[Techtalk] Cron

Magni Onsoien magnio+lc-techtalk at pvv.ntnu.no
Tue Nov 5 21:09:14 EST 2002


On Tue, Nov 05, 2002 at 06:44:34PM +0100, Dan Richter said:

> >Actually, it is possible to get a permission denied error as root.
> 
> Permissions on the script are okay. I was actually referring to the 
> directory and the log file (which don't belong to root).

And you are sure root can write to it? Not on a readonly disk or mounted
via NFS non-writeable for root?

> >Which distro and version are you running?
> 
> I think it's Red Hat 7.2.

cat /etc/redhat-release should give you a clue. Or 'rpm -q
redhat-release'

> The log files are blank.

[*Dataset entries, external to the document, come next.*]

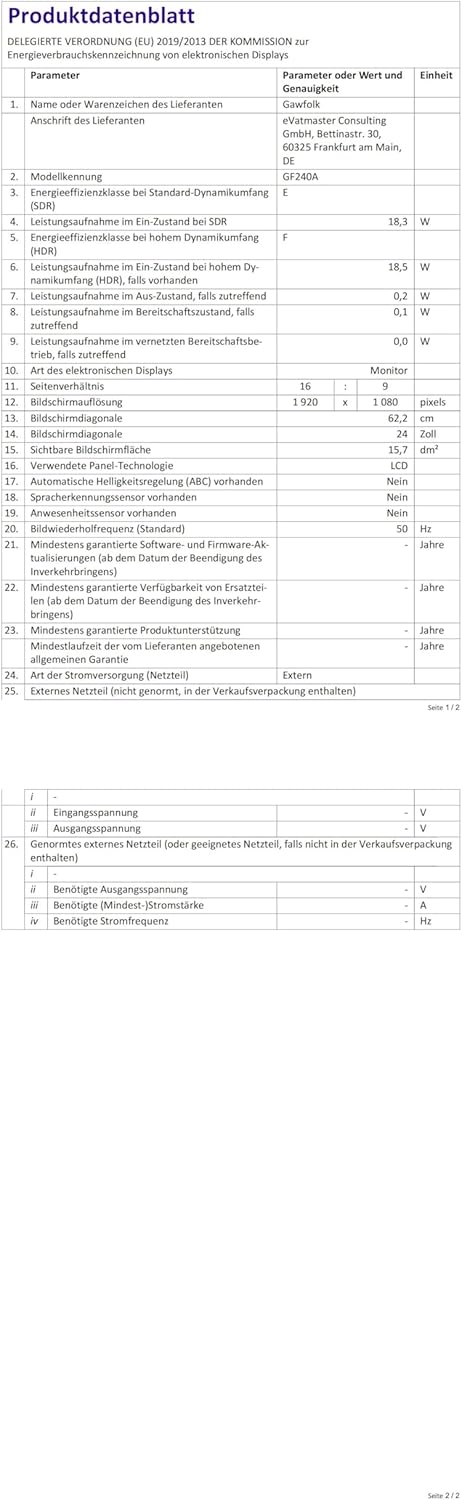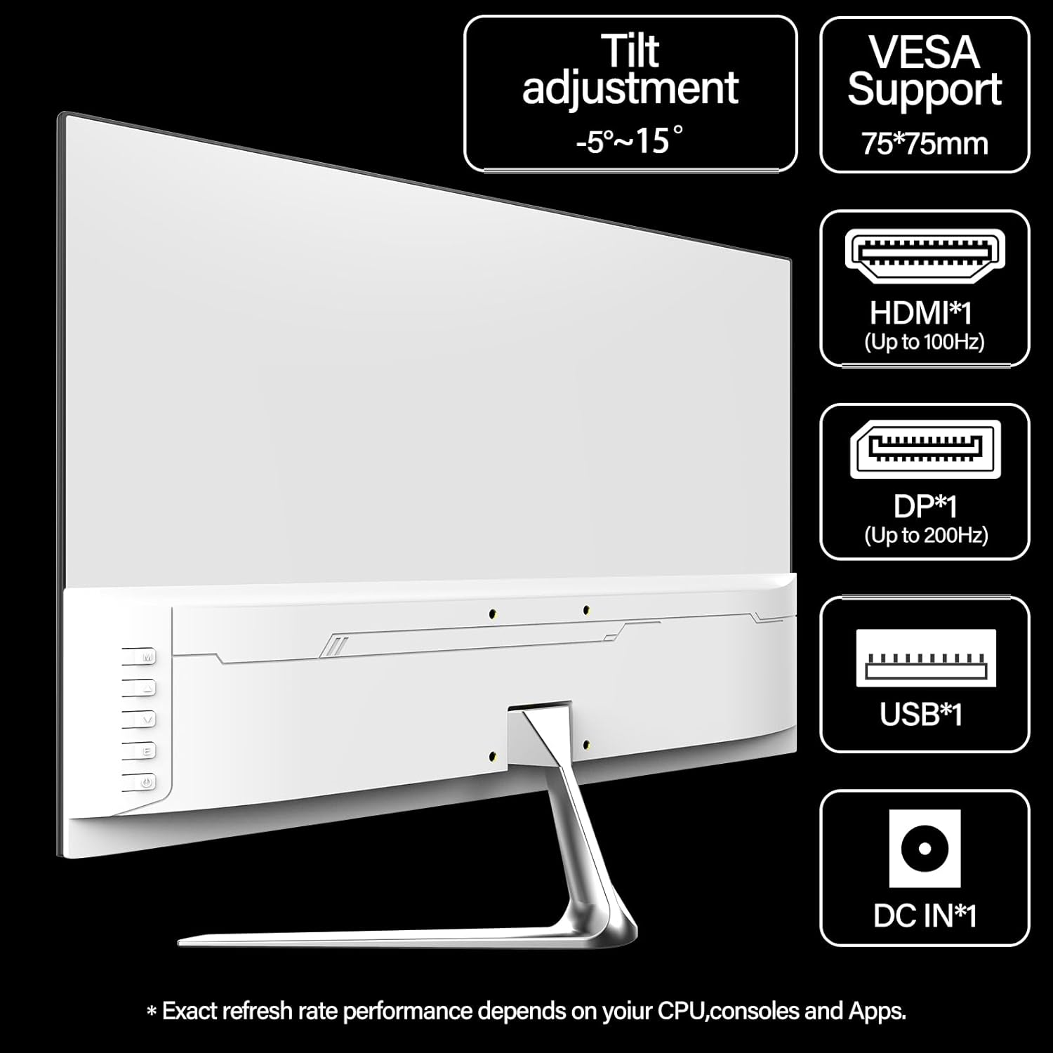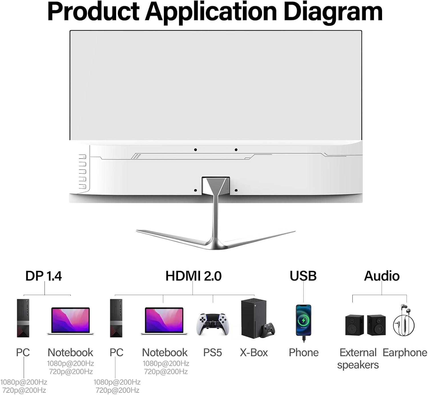 Gawfolk 24.5-инчов геймърски монитор с високоговорители, 200 Hz екран за компютър FHD 1080P безрамкови компютърни монитори, DisplayPort, HDMI, защита на очите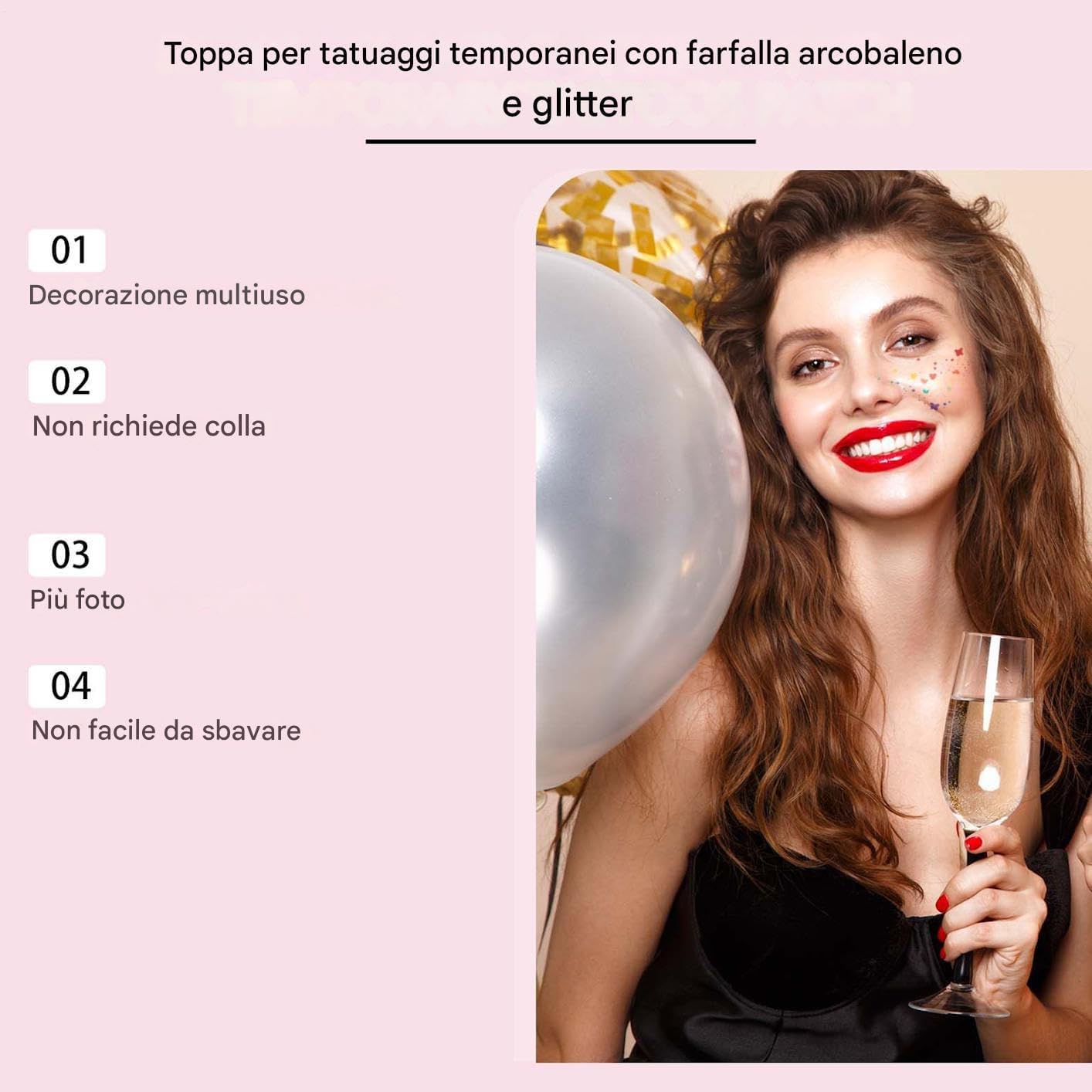 Applicazione Facile: Formula in pasta per cerotti trucco che semplifica l'uso senza necessità di colla, processo intuitivo che fa risparmiare e fatica preziosi Impiego multiuso: Che sia un festival musicale, una sfilata, una celebrazione o una festa a tema, questi adesivi decorativi offrono una soluzione multiuso per esprimere individualità ad ogni evento sociale Tocco Makeup Ricercato: Ottieni risultati accattivanti con cerotti che aumentano il fascino e semplificano l'applicazione del trucco a strati, perfetti per ritocchi o feste last minute Tenuta Anti-Sudore: Tecnologia fissante unica blocca lo sbiadimento e protegge dalla penetrazione di sudore/pioggia. La texture sfumata mantiene colore intenso e risultati perfetti tutto il giorno in ogni condizione climatica Sicurezza Garantita: Progettati per pelli sensibili con strato adesivo ipoallergenico, offrono comfort leggero e tocco delicato eliminando completamente rischi di irritazioni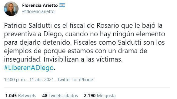 Tweet de Patricia Bullrich: https://twitter.com/PatoBullrich/status/1381318306339119108

The only way I knew there was an error was by 
> executing the script myself: the error was spewed to stderr. But in the 
> crontab, stderr is piped to a log file (which is blank). The script 
> produces output even if there is no error, so there is no reason for the 
> log file to be blank.

Have you tried to get all output mailed to yourself i stead of written
to a log file? Set MAILTO=your.address at domain.com at the beginning of
the crontab should do it (maybe depending on exactly how you run it
from cron: do you use 'crontab -e' to edit the crontab to add your
script, or do you use some other way?).

> The purpose of the script is to check to make sure a program is executing 
> and, if it is not, run it. This works fine when I execute the script 
> myself, but it doesn't work from cron. I've even told the script to mail me 
> (first command in the script), but it doesn't.

Do you use full path to ALL external programs in your script? Remember
that PATH is different in a non-interactive shell and a login shell.

Use /bin/sh -x (or /bin/bash -x) instead of just /bin/sh at the
beginning of the script, this will show the commands executed by the
script.


Magni :)
-- 
sash is very good for you.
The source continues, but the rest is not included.